ITSC 2214

Data Structures & Algorithms with Lalith

Hi everyone! 👋 This page is a Java knowledge map created to help support students in ITSC 2214 Data Structures & Algorithms at the Univeristy of North Carolina at Charlotte.

I’m Lalith Uriti, a teaching assistant for section 004 with Dr. Dale-Marie Wilson. I put this together based on both my own experience with the course and the common questions and challenges I see students run into throughout the semester. If you ever need to reach me, feel free to email me at luriti@charlotte.edu

One thing that comes up a lot in DSA is that struggles usually aren’t about the data structures themselves — they come from gaps in Java fundamentals. Concepts like references vs. primitives, object behavior, recursion, control flow, and how Java actually executes code tend to show up everywhere in this class. Having a solid baseline understanding of Java is crucial for doing well in 2214.

This knowledge map is meant to help with that.

It visually organizes the major Java and data-structure-related concepts you’re expected to be comfortable with, shows how they break down into subtopics, and highlights how everything connects. The goal is fast recall and conceptual navigation, not step-by-step teaching or replacing lectures.

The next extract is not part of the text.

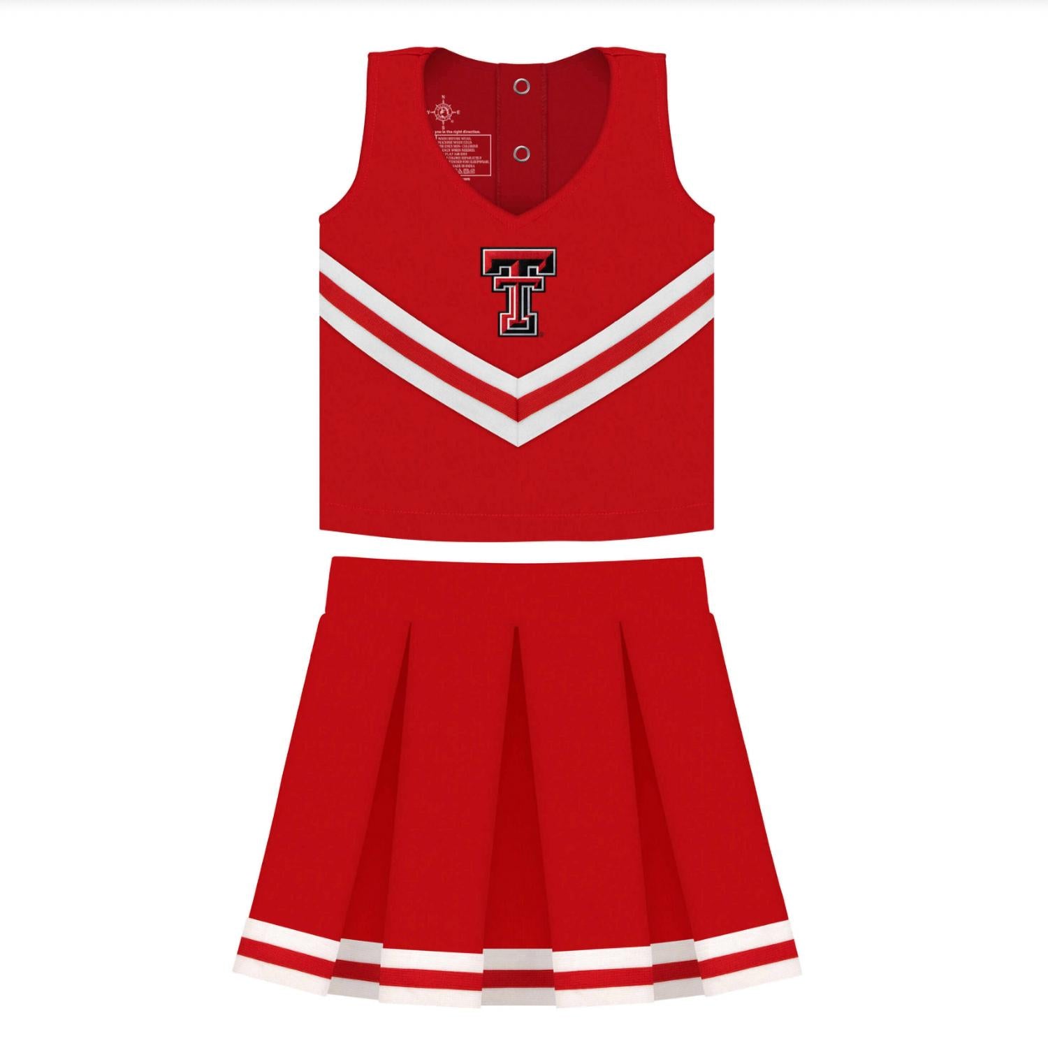 Get your young fan game-day ready with the Girl's Cheerleading Outfit by Creative Knitwear, tailored for spirited performances. This children's cheerleading set, in University Of Texas Burnt Orange, includes a top, a pleated skirt with a side zipper, and a matching bloomer, all crafted from 100% polyester. Designed to be soft and durable, this outfit supports energetic jumping, dancing, and cheering for the Longhorns. Proudly featuring official team embroidery, it's the perfect way to show team spirit.
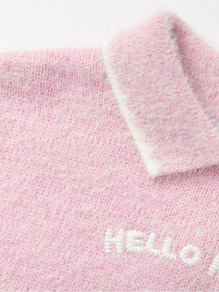 سويتر ناعم للأطفال بملمس دافئ وياقة بولو كلاسيكية، مزين بتصميم كرتوني مرح. مثالي ليمنح الصغار الدفء والأناقة في الأجواء الباردة.

Each entry represents a concept you should recognize and understand at a high level. You can click on many entries to jump to related explanations below, letting you focus on one idea at a time while still keeping the bigger picture in mind. Think of it as a way to organize your understanding, not something you need to memorize line by line.

You can use this map to:

• review Java fundamentals before in class quizzes and the final exam,

• identify weak spots to focus your studying,

• or quickly refresh concepts that show up in homework, labs, or projects.

This is a living resource! It reflects both topics I’ve already studied deeply and concepts I regularly revisit to keep my understanding sharp. Hopefully, it helps makes 2214 feel a little more manageable and connected.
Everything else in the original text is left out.